How to convert audio data to images

5 min

Treat audio processing like computer vision and use audio data in deep learning models.

Close your eyes and listen to the sounds around you. Whether you’re in a crowded office, a cozy home, or outdoors, outdoors, you can tell where you are from the sounds around you. Hearing is one of the five basic human senses. Sound plays an important role in our life. This means that organizing and leveraging audio data values ​​through deep learning is an important process for AI to understand our world. In addition, a key challenge in audio processing is to enable computers to distinguish one sound from another. This capability will enable computers to perform a wide variety of tasks, from detecting metal wear in power plants to monitoring and optimizing vehicle fuel economy.

Today, especially for the start of a new course on machine learning I am sharing with you an article in which the authors, as an example, determine the species of birds by their singing. They find fragments of birdsong in recordings made in the wild and classify species.
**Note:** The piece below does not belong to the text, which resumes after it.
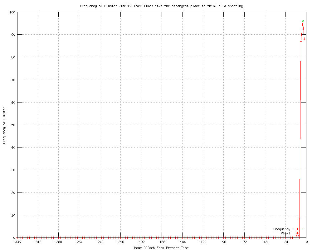 | 39 | its the strangest place to think of a shooting Urls http://abcnews.go.com/US/wireStory/killed-wounded-shooting-seattle-cafe-16459848 http://wlbt.com/story/18657150/2-killed-3-wounded-in-shooting-at-seattle-cafe http://koamtv.com/story/18657150/2-killed-3-wounded-in-shooting-at-seattle-cafe http://kwqc.com/story/18657150/2-killed-3-wounded-in-shooting-at-seattle-cafe http://wbtv.com/story/18657150/2-killed-3-wounded-in-shooting-at-seattle-cafe http://news9.com/story/18657150/2-killed-3-wounded-in-shooting-at-seattle-cafe http://kwwl.com/story/18657150/2-killed-3-wounded-in-shooting-at-seattle-cafe http://seattlepi.com/news/article/2-killed-3-wounded-in-shooting-at-Seattle-cafe-3595964.php http://newstimes.com/news/article/2-killed-3-wounded-in-shooting-at-Seattle-cafe-3595964.php http://katu.com/news/local/155773005.html http://katu.com/news/local/Seattle-shooting-leaves-2-dead-3-injured-155773005.html http://utsandiego.com/news/2012/may/30/2-killed-3-wounded-in-shooting-at-seattle-cafe/ http://syracuse.com/news/index.ssf/2012/05/whats_going_on_2_killed_3_woun.html http://statesman.com/news/nation/2-killed-3-wounded-in-shooting-at-seattle-2382576.html http://seattletimes.nwsource.com/html/localnews/2018316597_apusseattleshooting3rdldwritethru.html?syndication=rss http://bostonherald.com/news/national/west/view.bg?articleid=1061135368&srvc=rss http://guardian.co.uk/world/feedarticle/10265427 http://sacbee.com/2012/05/30/4526043/2-killed-3-wounded-in-shooting.html#mi_rss=Latest%20News http://newsobserver.com/2012/05/30/2099990/2-killed-3-wounded-in-shooting.html#storylink=rss http://timesleader.com/stories/Two-dead-three-wounded-in-Seattle-cafe-shooting,157184 http://newstalkradiowhio.com/ap/ap/us/2-killed-3-wounded-in-shooting-at-seattle-cafe/nPHLW/ http://sfgate.com/cgi-bin/article.cgi?f=/n/a/2012/05/30/national/a120626D37.DTL&feed=rss.news_nation http://themorningsun.com/article/20120530/NEWS04/120539977/seattle-shooting-kills-two-wounds-three-at-cafe http://startribune.com/nation/155773225.html http://abclocal.go.com/wtvd/story?section=news/national_world&id=8682208&rss=rss-wtvd-article-8682208 http://nydailynews.com/news/national/dead-injured-multiple-seattle-shootings-article-1.1086824?localLinksEnabled=false http://nydailynews.com.feedsportal.com/c/34148/f/621861/s/1fdb9ec8/l/0L0Snydailynews0N0Cnews0Cnational0Cdead0Einjured0Emultiple0Eseattle0Eshootings0Earticle0E10B10A868240DlocalLinksEnabled0Ffalse/story01.htm http://gazette.com/articles/seattle-139444-shooting-wounded.html http://kdwn.com/news/national-news/2_killed,_3_wounded_in_shooting_at_Seattle_cafe http://cbsnews.com/8301-201_162-57443753/gunman-at-large-after-deadly-shootings-in-seattle/ http://newsobserver.com/2012/05/30/2099990/2-killed-3-wounded-in-shooting.html http://mysanantonio.com/news/article/2-killed-3-wounded-in-shooting-at-Seattle-cafe-3595964.php http://standard.net/stories/2012/05/30/2-killed-3-wounded-shooting-seattle-cafe http://feeds.cbsnews.com/~r/CBSNewsMain/~3/doPju5VHkAA/ http://inquisitr.com/245142/seattle-shooting-leaves-2-dead-3-wounded/ http://kolotv.com/nationalnews/headlines/2_Killed_3_Wounded_in_Shooting_at_Seattle_Cafe_155791395.html http://wtol.com/story/18657150/2-killed-3-wounded-in-shooting-at-seattle-cafe http://wlsam.com/Article.asp?id=2466070 http://copycateffect.blogspot.com/2012/05/seattle-shooting.html |

By converting audio data into image data and applying computer vision models, the authors of this article received a silver medal (as the top 2%) in the Kaggle Cornell Birdcall Identification competition.

Processing audio as images

When a doctor diagnoses heart disease, he either listens directly to the patient’s heartbeat or looks at an EKG – a diagram describing the patient’s heartbeat. The first usually takes more time – it takes time to listen to the heart, and more effort is spent on memorizing what was heard. In contrast, a visual ECG allows the clinician to instantly assimilate spatial information and speeds up tasks.

The same reasoning applies to sound detection problems. There are spectrograms of four bird species. You can listen to the original audio snippets here. Through the eyes, a person will instantly see the differences in species in color and shape.

Moving sound waves through time requires more computational resources, and we can get more information from 2D image data than from 1D waves. In addition, the recent rapid development of computer vision, especially with the help of convolutional neural networks, can significantly improve results when considering audio as images, as we (and almost everyone else) did in competitions.

Understanding the spectrogram

The specific representation we use is called a spectrogram — it is a time-varying visual representation of the frequency spectrum of a signal. Sounds can be represented in the form of waves, and waves have two important properties: frequency and amplitude, as shown in the figure. The frequency determines the pitch of the sound, the amplitude determines its loudness.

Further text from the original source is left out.